In the next two years genetics laboratories around the world are expected to complete the genetic makeup of more than 70 major bacterial, viral, parasitic and fungal germs that infect humans, animals and plants.

"The ever-expanding microbial genome databases now provide a parts list of all potential genes involved in pathogenicity and virulence, adhesion and colonization of host cells, immune response evasion and antibiotic resistance from which to pick and choose the most lethal combinations," said the Nature Genetics commentary, which was written by Claire M. Fraser, president and director of the Institute for Genomic Research, and Malcolm R. Dando of the department of peace studies at the University of Bradford in Britain.

Countering bioweapons

If a terrorist builds an antibiotic-resistant germ, then science must develop new drugs to overcome the resistance, and a thorough understanding of all disease genes will make it possible to develop faster methods of diagnosing and then disabling them. Harvard researchers, for example, recently found a gene that makes mice resistant to anthrax, a discovery that could lead to better vaccines and drugs.

"The same technology that can bring us these potential weapons of devastation is precisely the technology that we'll need to counter them," Block said.

A greatly expanded offensive against bioweapons is also expected to pay dividends in improved health. As scientists increase their mastery of germ genes to defeat bioterrorists, they will also be gaining the knowledge to develop anti-microbials, vaccines and other compounds to tame the infections that are the second-leading cause of death in the world.

Ethical norms

The ethical dilemmas in biology recall those that have arisen with other great scientific accomplishments. Most of the physicists who built the first atomic bombs, for instance, opposed their use on population targets, and many became involved in campaigns to ban nuclear weapons.

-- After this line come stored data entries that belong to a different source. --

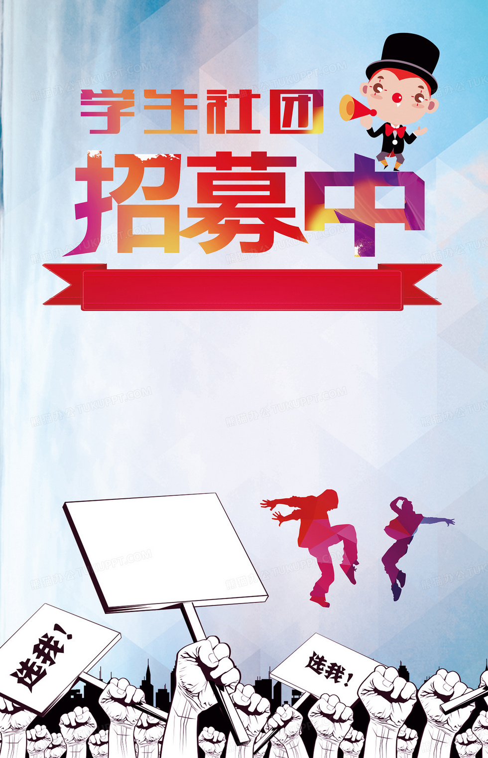 本作品内容为社团招募海报, 格式为 psd, 图片尺寸为2740 x 4252, 作品中背景图片无需修改, 源文件无水印,可以直接使用, 欢迎使用熊猫办公。 如认为平台内容涉嫌侵权,可通过邮件:tousu@tukuppt.com提出书面通知,我们将及时处理。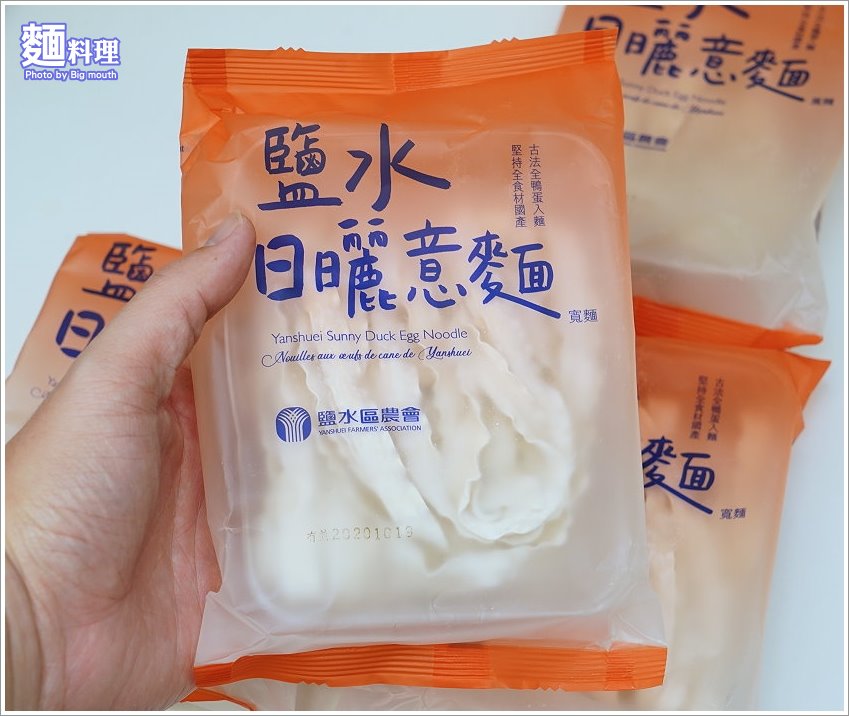 ▼這款「鹽水日曬意麵」跟一般麵條不同的是製作過程不加一滴水,也就是以全鴨蛋來取代水,搭配國產小麥粉、玉米粉為主要原料下去製成,不僅全部採用國產食材,而且堅持日曬、不添加防腐劑,口感更加有嚼勁!麵條也很特別,有別於以往常見的傳統鹽水意麵,是外薄內厚的寬版蕾絲麵,搭配裡頭附的醬料,輕鬆就能品嘗「鹽水日曬意麵」的好味道!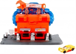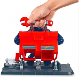 Mach dich auf zur Autowerkstatt und versuche, dein Auto zu reparieren – aber Vorsicht! Im Inneren lauert eine furchterregende Gorilla! Jedes Set lässt sich über das neue System mit anderen Hot Wheels City Sets verbinden und ist mit der orangefarbenen Bahn kompatibel.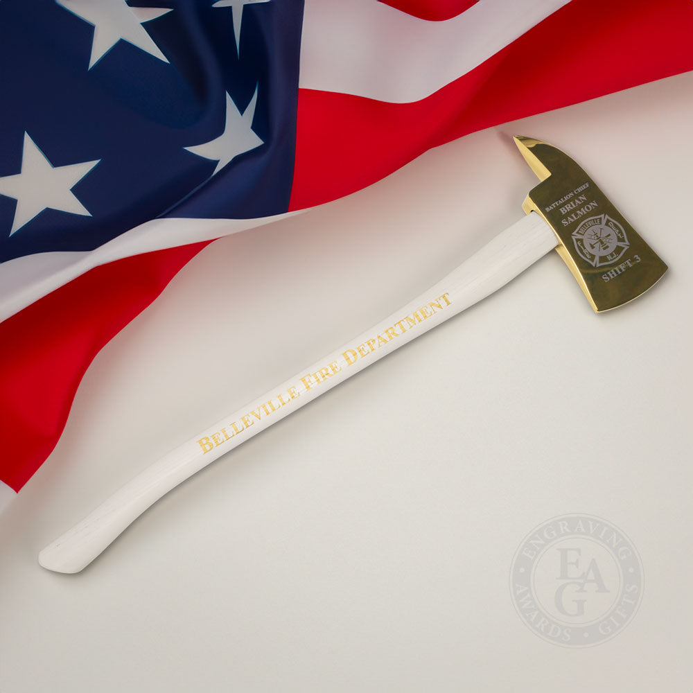 The Axe Head can be engraved with names, ranks, department patches, or other messaging. Engrave the American Hickory Axe Handle with the name of the department, years of service, or any other text. The axe handle text is laser engraved and hand painted in the color of your choice to create a quality finished keepsake your honoree will cherish for years to come.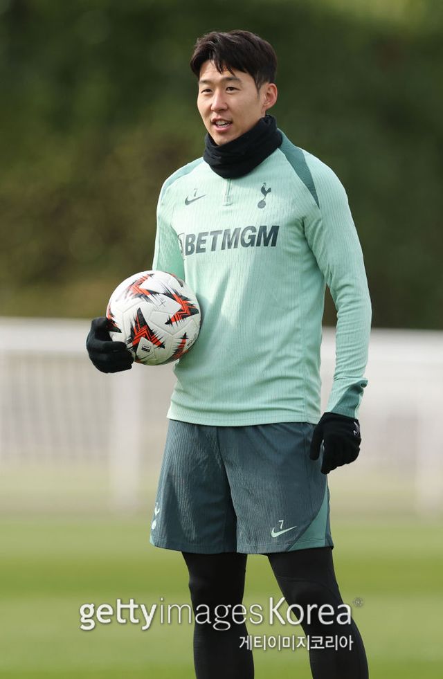13일 2024~25 UEL 16강 2차전 대비 훈련을 소화 중인 토트넘 손흥민. 사진=게티이미지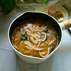 1. 1 package of udon noodles, 1 sausage (half used), a little chrysanthemum, bean sprouts A little, appropriate amount of hot pot base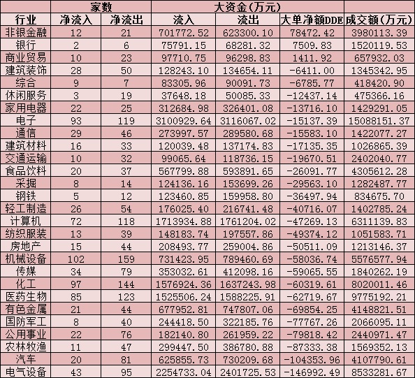 二、周三(6月30日)申萬(wàn)一級(jí)行業(yè)大單資金流向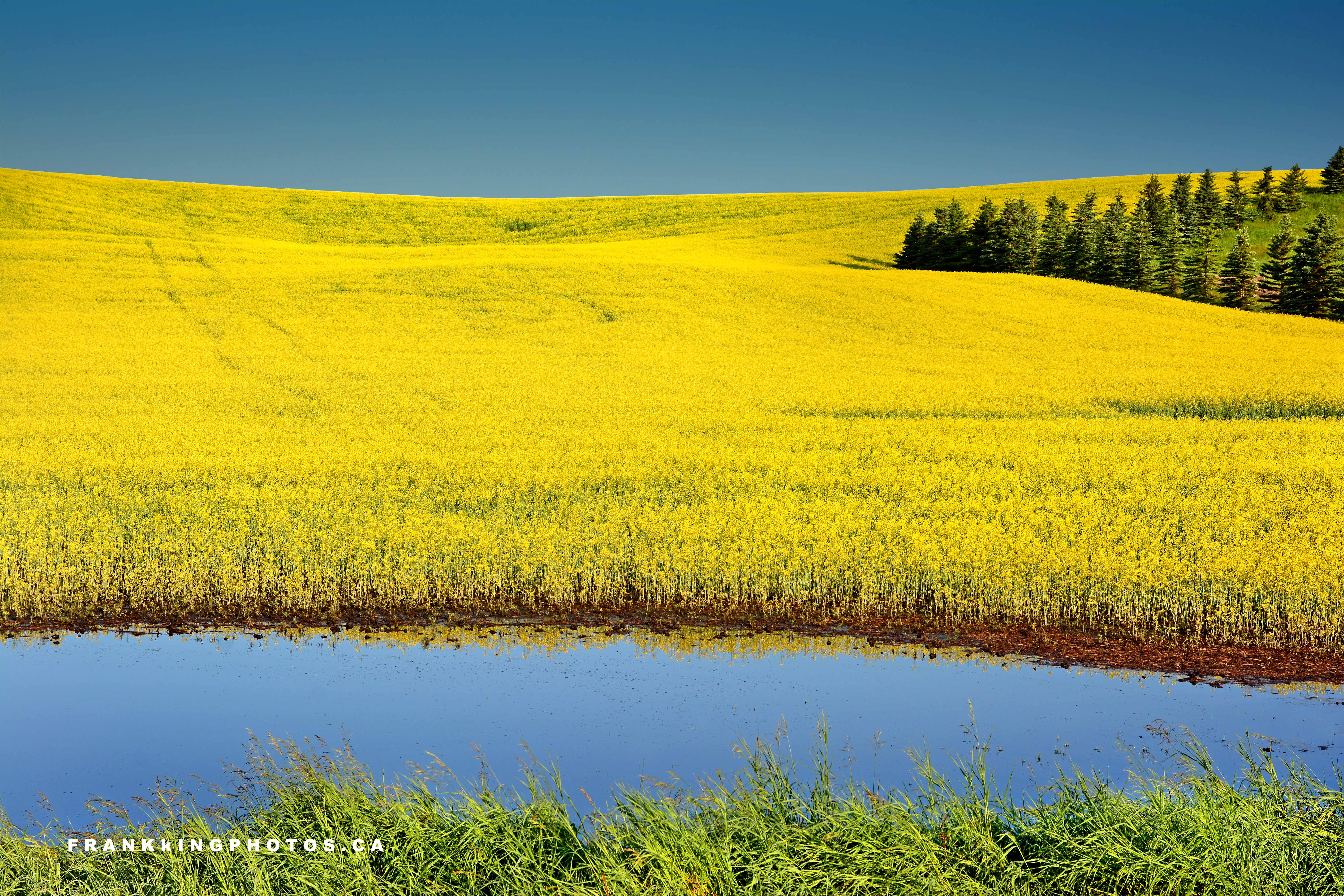 July is canola season, when random fields in this western Canadian province glow with flourescent, in-your face atomic yellow. It’s a great time to just cruise country roads looking for these fields. This example was particularly compelling because the prairie slough added a great visual element.

The first molecular biologists who learned how to transpose genes from one species into another in the mid-'70s called a moratorium on their research until it could be shown that such genetic engineering would not accidentally create dangerous organisms.

"How do you keep new bioweapons from happening?" Bloom said. "You have to . . . create a very strong moral culture of scientists that worry about the uses of science."

For universities, that means facing critical issues about bioterrorism as they train people to do molecular science.

"We need to create a culture where students know what the accepted norms are," Bloom said. "Just as doctors need to know what are the accepted ethical norms for human subjects in research, we need the same for biological knowledge."